Ainsi, cette décision montre que l’employeur doit TOUT mettre en œuvre pour le bien-être de leur salarié.

Si cette obligation de santé/sécurité de l’employeur est reconnue comme étant une obligation de moyen renforcé depuis l’arrêt du 25 novembre 2015, il faut quand même reconnaître que les juges ont tendance à la traiter comme une obligation de résultat, comme la loi le prévoit d’ailleurs.

Le bonheur en entreprise : Preuve d’empathie ou tentative de manipulation ?

Derrière la thématique du bonheur en entreprise se cache celle de la souffrance au travail.

En effet, dès lors que l’on ressent le besoin d’élaborer des dispositifs spécifiques pour accroître la sensation de bonheur au travail, on peut déduire que la souffrance au travail est telle que développer le bien-être au travail apparaît comme nécessaire.
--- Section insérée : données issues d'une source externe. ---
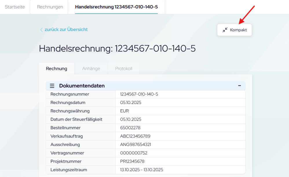 Da die Rechnungsansicht umfangreich sein kann, können Sie diese individuell anpassen:
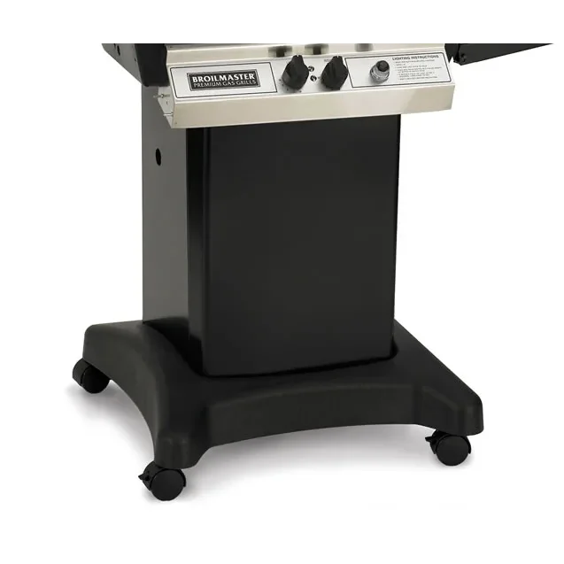 The DCB-1 black painted steel portable cart fits all Broilmaster grills listed below. It also features a black steel column with a composite base with removable casters.

Finalement, on pourrait rattacher cette situation à la critique du monde du travail fait par Aldous Huxley dans son ouvrage « Le Meilleur des Mondes » où la scène se passe dans un monde où « tout le monde est heureux » dans son travail. Seulement, l’envers du décor est un monde stérile et dénué de toute interaction sociales normale.
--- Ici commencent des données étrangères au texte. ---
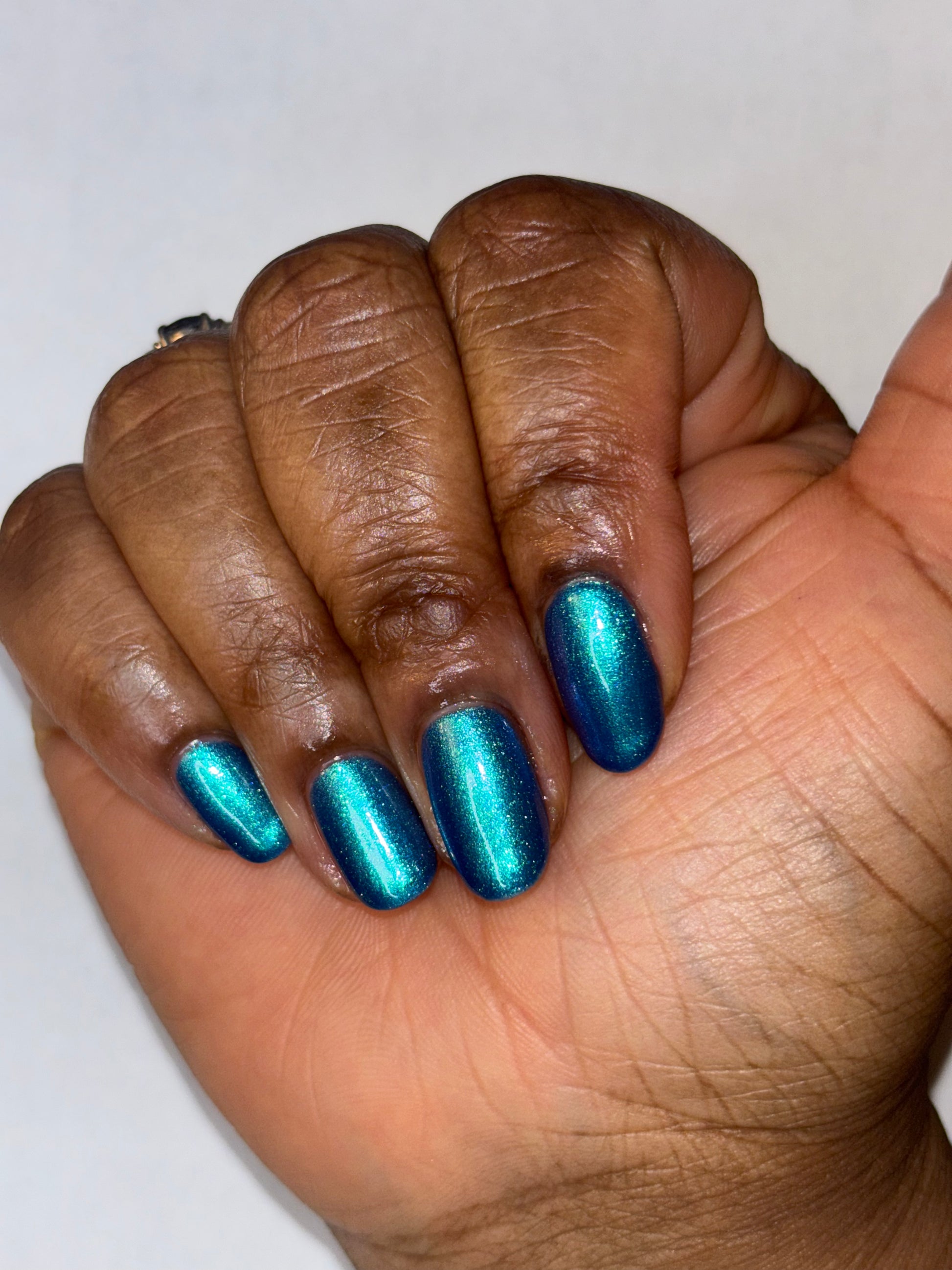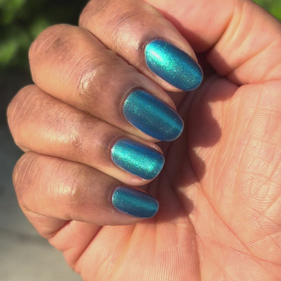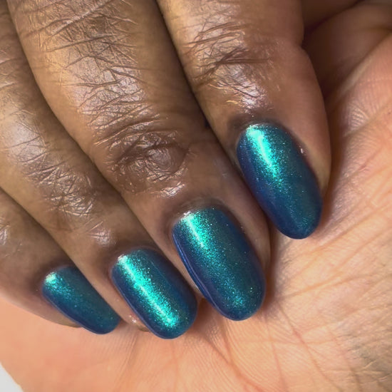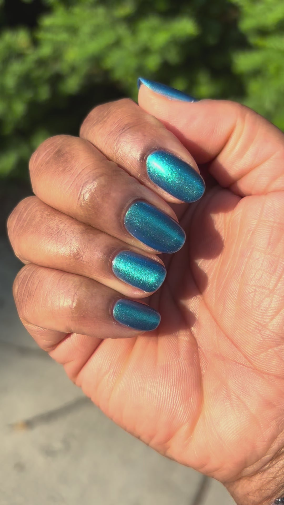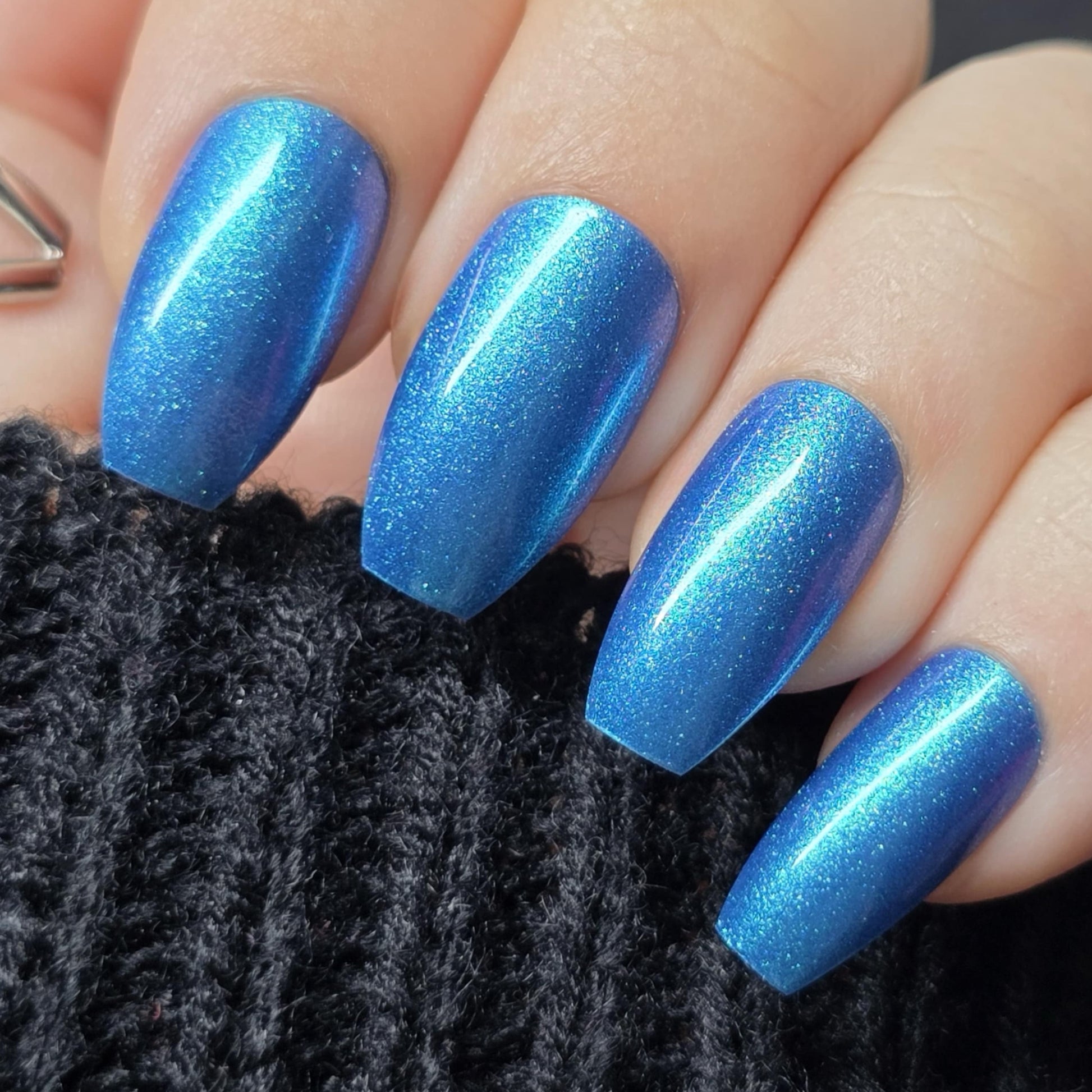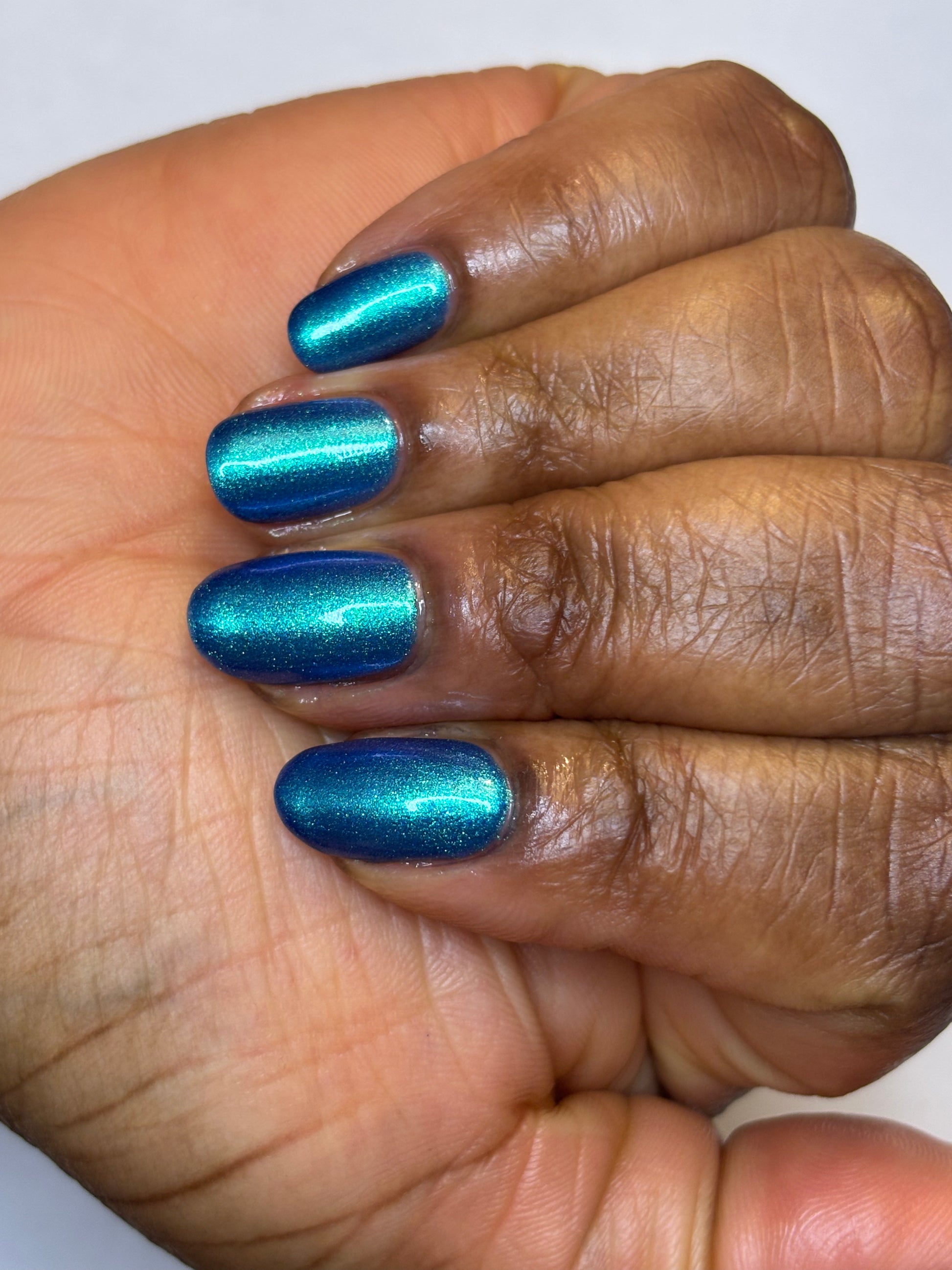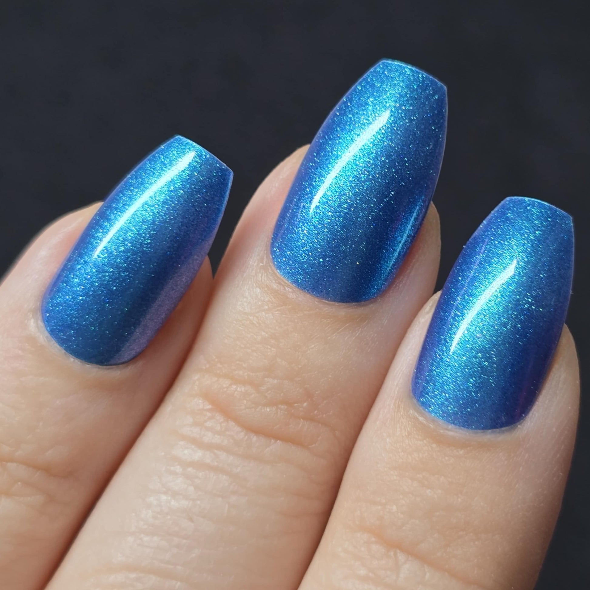 The strong blue tones give way to subtle green and purple shimmers as you layer. This color shift polish leans on the cool side of the palette. For best results, we suggest two even coats to get the deepest hues, and bright shimmers that will last a good period of time.

Un psychologue du travail, Adrien Chignard, s’oppose même fermement à l’appellation « bonheur au travail » en la désignant comme un « mensonge « ou un « marketing malin […] d’une tristesse infini ».  
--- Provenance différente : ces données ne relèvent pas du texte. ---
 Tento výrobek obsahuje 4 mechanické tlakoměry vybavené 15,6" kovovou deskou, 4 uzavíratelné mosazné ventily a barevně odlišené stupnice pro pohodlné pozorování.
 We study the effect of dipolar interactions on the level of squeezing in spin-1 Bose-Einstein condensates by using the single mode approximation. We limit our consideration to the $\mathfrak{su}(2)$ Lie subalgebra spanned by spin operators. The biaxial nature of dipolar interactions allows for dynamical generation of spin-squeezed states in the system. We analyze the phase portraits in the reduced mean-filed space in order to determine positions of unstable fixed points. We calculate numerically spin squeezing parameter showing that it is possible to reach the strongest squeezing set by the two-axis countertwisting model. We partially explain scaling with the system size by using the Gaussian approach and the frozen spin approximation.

Et cette critique du bonheur en entreprise vu comme un mensonge semble pouvoir se vérifier, du moins à l’étranger.

L’entreprise Foxconn, en Chine, propose un rituel du « bonheur » assez particulier à ses salariés.

En effet, chaque matin, les employés se réunissent pour chanter en cœurs « Nous sommes bon, très bons, très très bons » comme s’il s’agissait d’un grand moment de cohésion.

En soit, avoir un rituel matinal est très bénéfique pour le moral des troupes, si tant est qu’il n’est pas exécuté sur un lieu où les filets anti-suicides semblent indispensables dans les cages d’escaliers…

Ainsi, cette promesse du bonheur faite par les entreprises s’apparenterait à un marchandage du bonheur, une sorte de bien de consommation immédiate, afin d’améliorer la production.

Cependant, il ne faut pas uniquement voir le bonheur en entreprise sous cet aspect négatif, l’opinion inverse est tout à fait possible.

En effet, il serait injuste de ne retenir que les aspects négatifs d’une notion de bonheur au travail.

Pour certaines personnes, venir travailler est un moyen de s’épanouir tant professionnellement que personnellement.

De plus, favoriser le bien-être au travail permettrait de lutter contre la souffrance au travail qui aujourd’hui semble toucher une large proportion des actifs.

L’anxiété et le stress sont des maux fréquents en entreprise et le qu’un manager ou un chef d’entreprise prenne des initiatives en faveur du bien-être des salariés semble louable.

Sans rentrer dans un jeu de théorie du complot, il faut aussi prendre en compte que l’employeur est un être humain capable d’empathie et qu’il est aussi capable de veiller au bonheur de ses salariés, car cela peut être aussi pesant pour eux que pour lui de venir travailler dans une atmosphère tendue et anxiogène…

Et, en y réfléchissant bien, vaut-il mieux une politique managériale tyrannique ou une politique du bien-être ?

Il est rare qu’une personne à qui on propose des salles de repos, des activités de détentes ou autres avantages veuille mettre fin à ses jours, contrairement à un management favorisant la pression et le harcèlement.

Pour finir, quitte à travailler, autant choisir un travail que l’on aime et où les conditions de travail seront agréables, car comme dirait Confucius « Choisissez un travail que vous aimez et vous n’aurez pas à travailler un seul jour de votre vie. ».

Bouhedjar Sammy,

L'équipe juridique Droit-Travail-France.